Mar 28, 2005 21:40
"Why did you have to move to America?" I've been asked this question so many times by so many people but rarely did anyone even wait to hear my answer. Well here it is. I wasn't happy with the way things were back home. Everything was just so comfortable, so convenient, so...boring. Don't get me wrong, i ENJOYED having a driver and a car, a yaya picking up after me, having allowance to spend, and living only a few minutes away from the entire Vera-Perez clan. It's just... I felt that my college life had already become routine and predictable before i even started it. Here's how I KNOW it would go: I'd go to school with my brother, hang out with some povedans, go out with my friends/family/cousins on weekends, and blah blah BLAH. Well i've already had 14 years of that. I felt that it was time for a change.
Actually the thing that bothers me the most is that I don't think I'll do as well if I had stayed in Ateneo. I'm not putting the school down.. I actually think very highly of it.. but it's just not for me. I mean, how can I excel in a place filled with "Anna Mae dela Cruz"es who have already been branded, "the best" and/or "the brightest" students?
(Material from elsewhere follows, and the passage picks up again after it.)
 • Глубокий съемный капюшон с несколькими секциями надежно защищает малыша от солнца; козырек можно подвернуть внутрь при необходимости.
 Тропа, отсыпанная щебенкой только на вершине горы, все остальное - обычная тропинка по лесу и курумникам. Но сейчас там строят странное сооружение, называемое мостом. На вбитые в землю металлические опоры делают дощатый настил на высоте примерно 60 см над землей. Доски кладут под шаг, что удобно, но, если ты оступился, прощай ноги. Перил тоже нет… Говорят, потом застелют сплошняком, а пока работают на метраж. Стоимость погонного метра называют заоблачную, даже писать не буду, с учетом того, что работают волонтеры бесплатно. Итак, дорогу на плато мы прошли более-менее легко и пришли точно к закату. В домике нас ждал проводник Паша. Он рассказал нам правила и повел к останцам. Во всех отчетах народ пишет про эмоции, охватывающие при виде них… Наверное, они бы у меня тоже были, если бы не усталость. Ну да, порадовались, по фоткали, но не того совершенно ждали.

I'm not competing with them. I just dont think i'll be able to see my full potential because I'll always think, "What's the point right? They'll always be better anyway." Sure I could do better than i did in high school, but at the back of my mind i'll say, "Hanggang dyan ka lang."
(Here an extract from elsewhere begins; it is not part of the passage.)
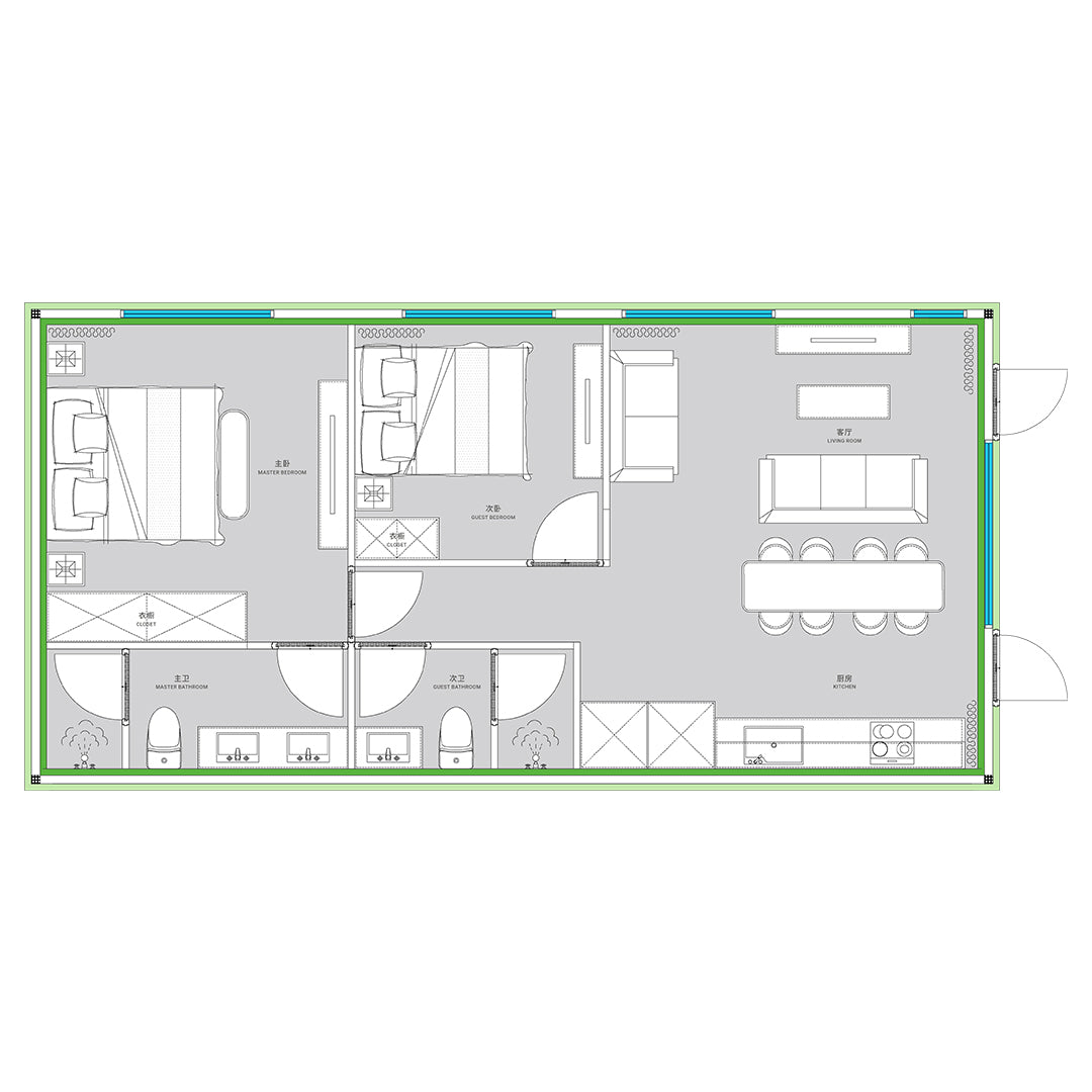 The walls, interior ceiling, and floor of the ETONG Space Capsule homes utilize 80mm-thick aluminum structural modules filled with high-quality PIR/XPS insulation material. The module dimensions can be flexibly determined based on layout plans, while being designed for easy transportation, assembly, and handling, effectively reducing construction and transportation costs.

America is a new start for me. I know it'll be hard. I know i'll be alone. But that's exactly it.. It's a time for me to find myself to see what i'm really made of. It's my chance to excel at something..at anything.. to prove to myself that i'm BETTER, brighter, and braver than i believe. As selfish as it may sound, i've wanted this SO bad for so long...and i just thought it was about time i did something good for myself.